Relative Bioavailability Study of a Fixed-dose Combination Dolutegravir/Abacavir/Lamivudine Dispersible Tablet

Inclusion Criteria

• Male or female aged between 18 and 65 years of age inclusive, at the time of signing the informed consent.
• Healthy as determined by the investigator or medically qualified designee based on a medical evaluation including medical history, physical examination, laboratory tests and cardiac evaluation (history and ECG). A subject with a clinical abnormality or laboratory parameter(s) which is/are not specifically listed in the inclusion or exclusion criteria, outside the reference range for the population being studied may be included only if the investigator agree and document that the finding is unlikely to introduce additional risk factors and will not interfere with the study procedures.
• Body weight >=50 kilogram (kg) for males and >=45 kg for females and body mass index (BMI) within the range 18.5-31.0 kg/m^2 (inclusive).
• Male or female
• Females of non-reproductive potential defined as pre-menopausal females with documented tubal ligation, documented hysteroscopic tubal occlusion procedure with follow-up confirmation of bilateral tubal occlusion, hysterectomy, documented bilateral oophorectomy, postmenopausal defined as 12 months of spontaneous amenorrhea (in questionable cases a blood sample with simultaneous follicle stimulating hormone [FSH] and estradiol levels consistent with menopause). Females on hormone replacement therapy (HRT) and whose menopausal status is in doubt will be required to use one of the highly effective contraception methods if they wish to continue their HRT during the study. Otherwise, they must discontinue HRT to allow confirmation of post-menopausal status prior to study enrolment.
• Female of reproductive potential and agrees to follow one of the options listed in the Modified List of Highly Effective Methods for Avoiding Pregnancy in Females of Reproductive Potential (FRP) from 30 days prior to the first dose of study medication and until 2 weeks after dosing with study medication and completion of the follow-up visit. The investigator is responsible for ensuring that subjects understand how to properly use these methods of contraception.
• Capable of giving signed informed consent which includes compliance with the requirements and restrictions listed in the consent form and in this protocol.
• Documentation that the subject is negative for the human leukocyte antigen (HLA)-B*5701 allele.

Exclusion Criteria

• ALT and bilirubin >1.5xULN (isolated bilirubin >1.5xULN is acceptable if bilirubin is fractionated and direct bilirubin <35%).
• Current or chronic history of liver disease, or known hepatic or biliary abnormalities (with the exception of Gilbert's syndrome or asymptomatic gallstones).
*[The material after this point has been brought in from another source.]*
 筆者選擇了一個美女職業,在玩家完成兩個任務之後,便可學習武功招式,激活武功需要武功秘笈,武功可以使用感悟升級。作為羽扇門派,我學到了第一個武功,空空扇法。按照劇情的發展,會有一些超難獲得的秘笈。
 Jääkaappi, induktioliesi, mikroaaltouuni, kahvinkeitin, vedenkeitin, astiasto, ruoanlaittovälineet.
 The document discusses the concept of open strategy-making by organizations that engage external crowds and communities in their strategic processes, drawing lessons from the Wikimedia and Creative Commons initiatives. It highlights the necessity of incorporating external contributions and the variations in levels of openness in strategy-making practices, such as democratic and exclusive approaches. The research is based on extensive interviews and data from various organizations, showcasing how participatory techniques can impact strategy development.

• QT interval corrected for heart rate according to Fridericia's formula (QTcF) >450 milliseconds (msec). The specific formula that will be used to determine eligibility and discontinuation for an individual subject should be determined prior to initiation of the study. In other words, several different formulae cannot be used to calculate the QTc for an individual subject and then the lowest QTc value used to include or discontinue the subject from the trial.
• Unable to refrain from the use of prescription (i.e., dofetilide) or non-prescription drugs, including vitamins, herbal and dietary supplements (including St John's Wort) within 7 days (or 14 days if the drug is a potential enzyme inducer) or 5 half-lives (whichever is longer) prior to the first dose of study medication, unless in the opinion of the Investigator and GSK Medical Monitor the medication will not interfere with the study procedures or compromise subject safety.
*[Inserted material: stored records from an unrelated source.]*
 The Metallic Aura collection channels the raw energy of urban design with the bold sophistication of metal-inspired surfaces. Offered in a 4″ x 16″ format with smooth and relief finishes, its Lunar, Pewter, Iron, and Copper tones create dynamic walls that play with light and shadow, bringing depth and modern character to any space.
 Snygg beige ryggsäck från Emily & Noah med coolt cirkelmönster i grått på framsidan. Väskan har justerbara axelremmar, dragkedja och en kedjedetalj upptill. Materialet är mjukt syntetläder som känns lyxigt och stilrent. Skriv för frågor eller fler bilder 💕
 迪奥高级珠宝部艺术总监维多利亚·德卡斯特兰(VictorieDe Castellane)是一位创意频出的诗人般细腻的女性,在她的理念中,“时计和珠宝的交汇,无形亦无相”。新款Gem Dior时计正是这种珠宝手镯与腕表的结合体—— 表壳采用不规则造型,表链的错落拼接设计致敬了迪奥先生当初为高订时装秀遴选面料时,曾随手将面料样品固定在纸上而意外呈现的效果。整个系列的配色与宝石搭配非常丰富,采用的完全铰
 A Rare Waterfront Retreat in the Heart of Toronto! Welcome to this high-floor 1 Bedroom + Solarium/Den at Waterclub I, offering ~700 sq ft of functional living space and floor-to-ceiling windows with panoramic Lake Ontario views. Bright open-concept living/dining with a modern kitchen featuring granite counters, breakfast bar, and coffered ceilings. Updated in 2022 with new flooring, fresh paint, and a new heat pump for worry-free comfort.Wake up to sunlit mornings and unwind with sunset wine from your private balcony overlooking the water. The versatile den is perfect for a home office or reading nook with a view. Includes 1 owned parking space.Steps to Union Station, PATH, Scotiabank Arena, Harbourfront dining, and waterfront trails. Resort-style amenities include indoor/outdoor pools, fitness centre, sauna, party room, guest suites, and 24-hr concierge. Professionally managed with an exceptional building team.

• History of regular alcohol consumption within 6 months of the study defined as: An average weekly intake of >14 drinks for males or >7 drinks for females. One drink is equivalent to 12 gram of alcohol: 12 ounces (360 mL) of beer, 5 ounces (150 mL) of wine or 1.5 ounces (45 mL) of 80 proof distilled spirits.
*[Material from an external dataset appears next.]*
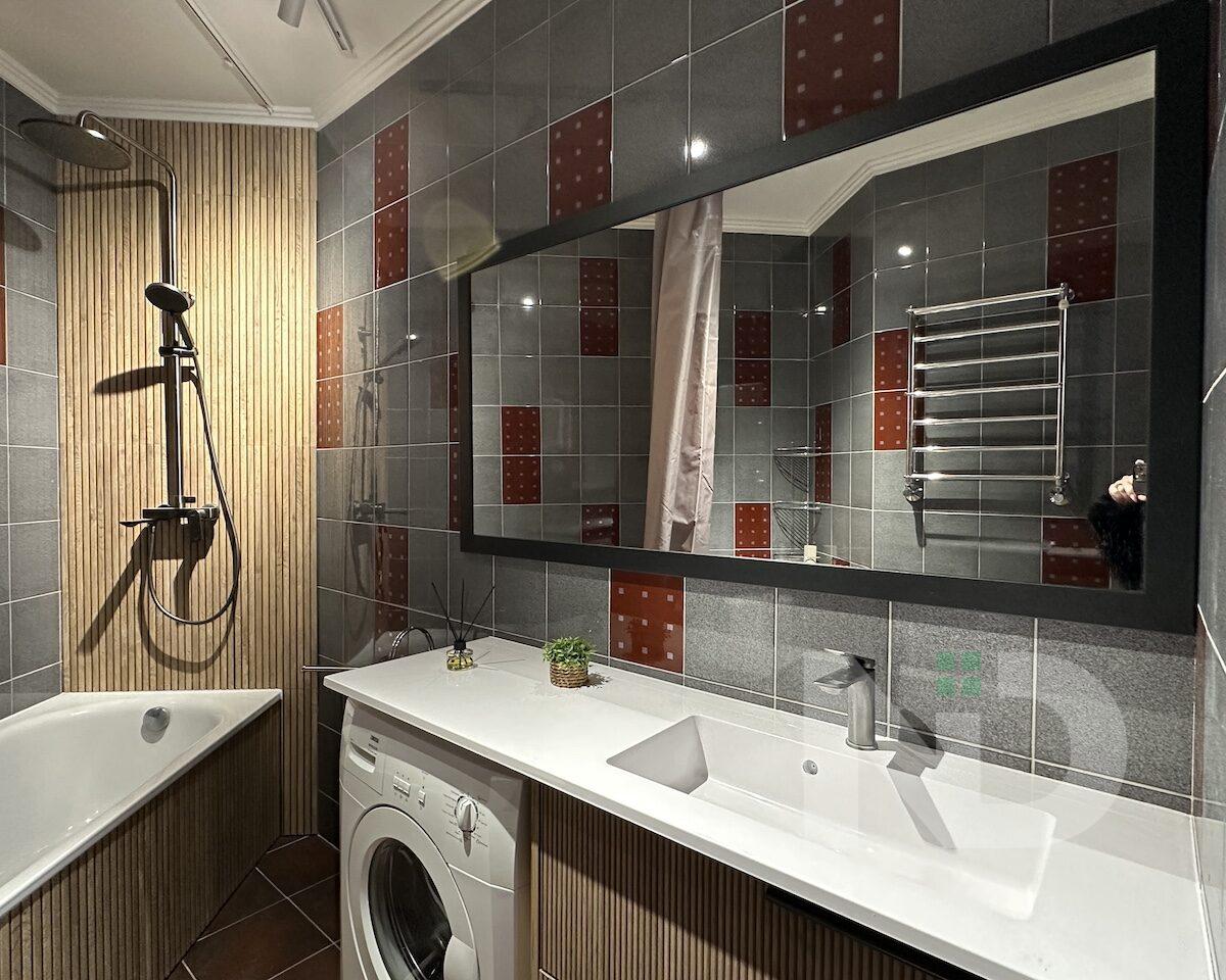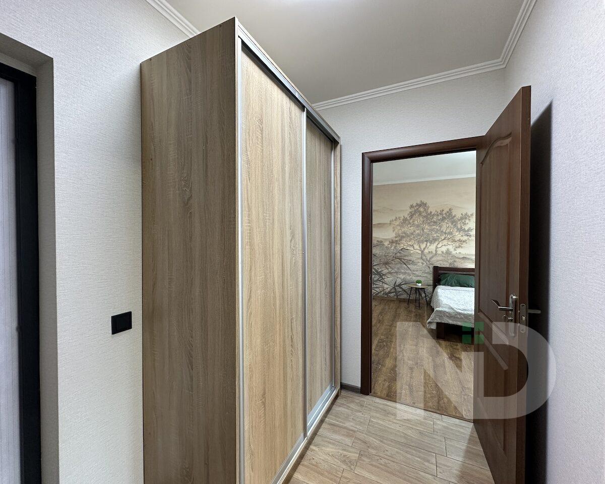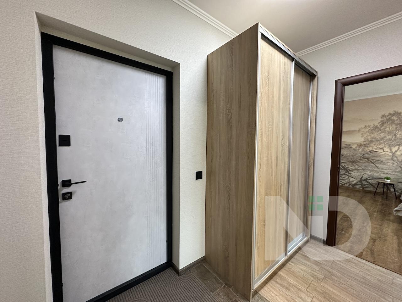 В квартире сделан современный ремонт в приятных светлых оттенках, есть мебель и техника – можно уже заезжать. Есть полноценная ванная с новой сантехникой. В прихожей шкаф-купе. В спальне большая двуспальная кровать, стол.

• Urinary cotinine levels indicative of smoking or history or regular use of tobacco- or nicotine-containing products within 1 month prior to screening.
• History of sensitivity to any of the study medications, or components thereof or a history of drug or other allergy that, in the opinion of the investigator or Medical Monitor, contraindicates their participation.
• Creatinine clearance (CrCL) <60 mL/min
• Presence of HBsAg, positive hepatitis C antibody test result at screening or within 3 months prior to first dose of study treatment.
• A positive pre-study drug/alcohol screen.
• A positive test for HIV antibody.
• Where participation in the study would result in donation of blood or blood product in excess of 500 mL within 56 days.
• The subject has participated in a clinical trial and has received an investigational product within the following time period prior to the first dosing day in the current study: 30 days, 5 half-lives or twice the duration of the biological effect of the investigational product (whichever is longer).
• Exposure to more than four new chemical entities within 12 months prior to the first dosing day.